Our first host was a Captain Pugh, who had served with me in France in the 1914 war. I had seen nothing of him for a great many years, then he suddenly turned up again as people do and asked me down to stay. He was farming in Kent. How can an urban dog owner go into the country without his dog? I said I should be delighted to come if I could bring Tulip. It appeared, however, that Mrs. Pugh, of whom, until then, I had never heard, kept Cairns, and although I assured Pugh that Tulip was very partial to little dogs, negotiations were suspended. Then Mrs. Pugh went off with her Cairns for a night elsewhere, my invitation was renewed to include Tulip, and she and I traveled down into Kent together.

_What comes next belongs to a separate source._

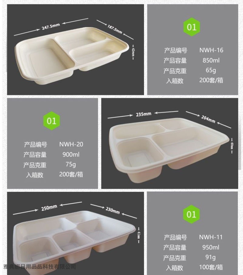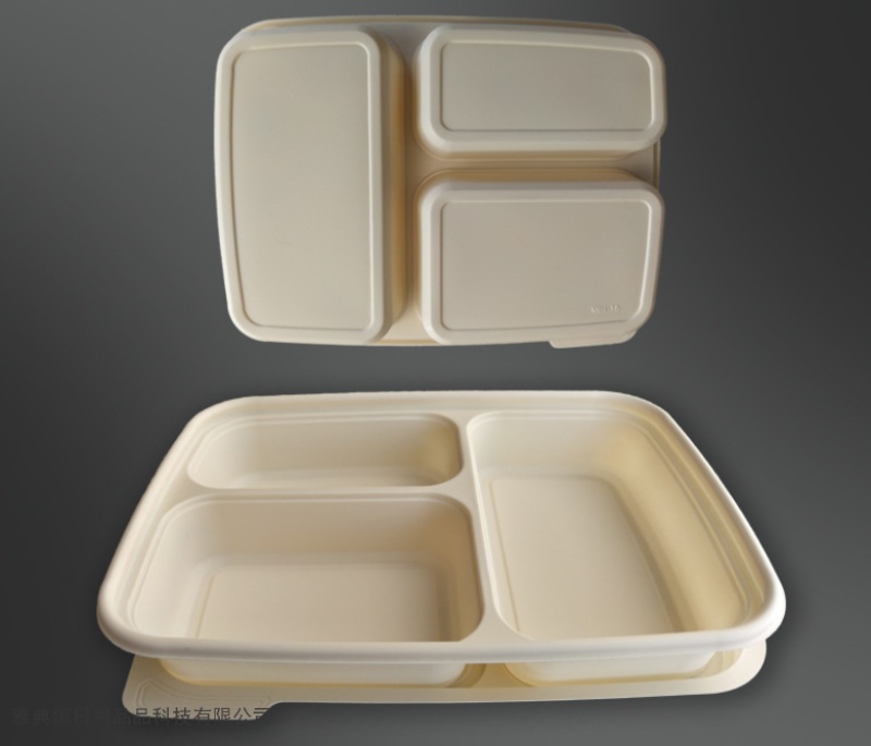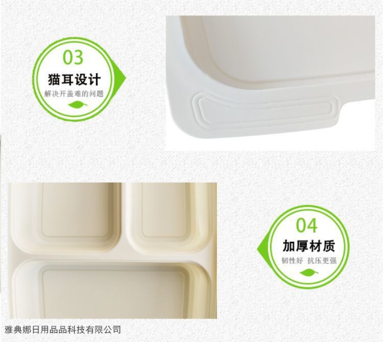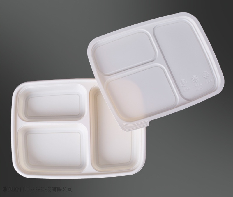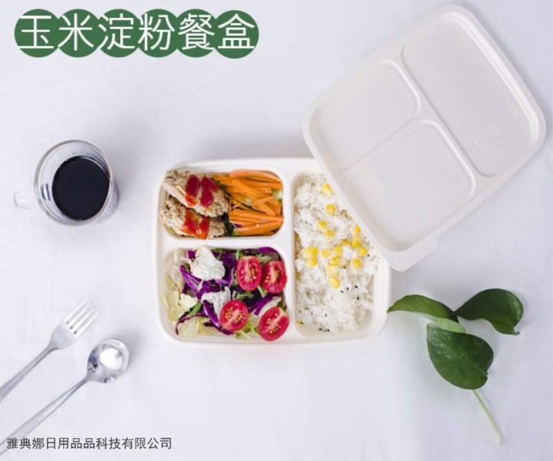 corn starch disposable lunch box three-grid environmentally friendly degradable starch-based packaging take-out box

Actually I remembered very little about my host, except that he had been an officer who had managed to combine great courage and efficiency with a marked indolence of habit. Whenever, for instance, he had wanted his servant or his orderly, as he frequently did, it had been his custom to fire his revolver into the wall of his dugout—one shot for the servant, two for the orderly—to save himself the exertion of shouting. An odd figure, and, as I was to discover, set in his ways; his whims were, indeed, to contribute to the misfortunes that befell us beneath his roof.

He emerged from a cowshed as we entered his extensive domain, and guided us up to the house. Poultry came into view, pecking about on either side of the long drive, and Pugh interrupted his conversation about old times to remark briefly that he hoped Tulip would not “go after” them as they were laying rather well at present. I hoped not too; but she had met hens only once before, so I had no means of telling whether she would recall the smacking she had received on that occasion. I could have put her on the lead, I suppose, and that may have been what Pugh was hinting at; but how can one gauge the intelligence of one's animal if one never affords it the chance to display any? And, to my astonishment and pride, only one sharp cautionary word was needed, when I saw her tail go up and a wolfish gleam enter her eye, to remind her of her lesson: the poultry were passed unscathed. Indeed, we should have gained Pugh's residence in faultless style, had it not been for a ginger cat that was idling in the shrubbery. I was quite unprepared for this cat, which had never been mentioned in the kind of farmyard inventory to which, in our correspondence about the Cairns, Pugh had apparently thought it advisable to extend his concern, so I was too late to prevent Tulip, who saw it first, from sailing into combat. She pursued it into a small potting shed that stood alongside the house. I apologized profusely; but it turned out to be not at all an important cat; it belonged to the category neither of pet nor of livestock, but was a mere hireling, engaged for the purpose of keeping down the mice, in which capacity, I gathered, it was not giving the utmost satisfaction; and since Pugh observed its narrow escape without apparent emotion, remarking offhandedly, as he clapped-to the potting-shed door, “It can stay there now,” I permitted myself to be amused. Little did I think that this cat, who was scowling wrathfully at us through the dusty panes, was to take its revenge upon us later.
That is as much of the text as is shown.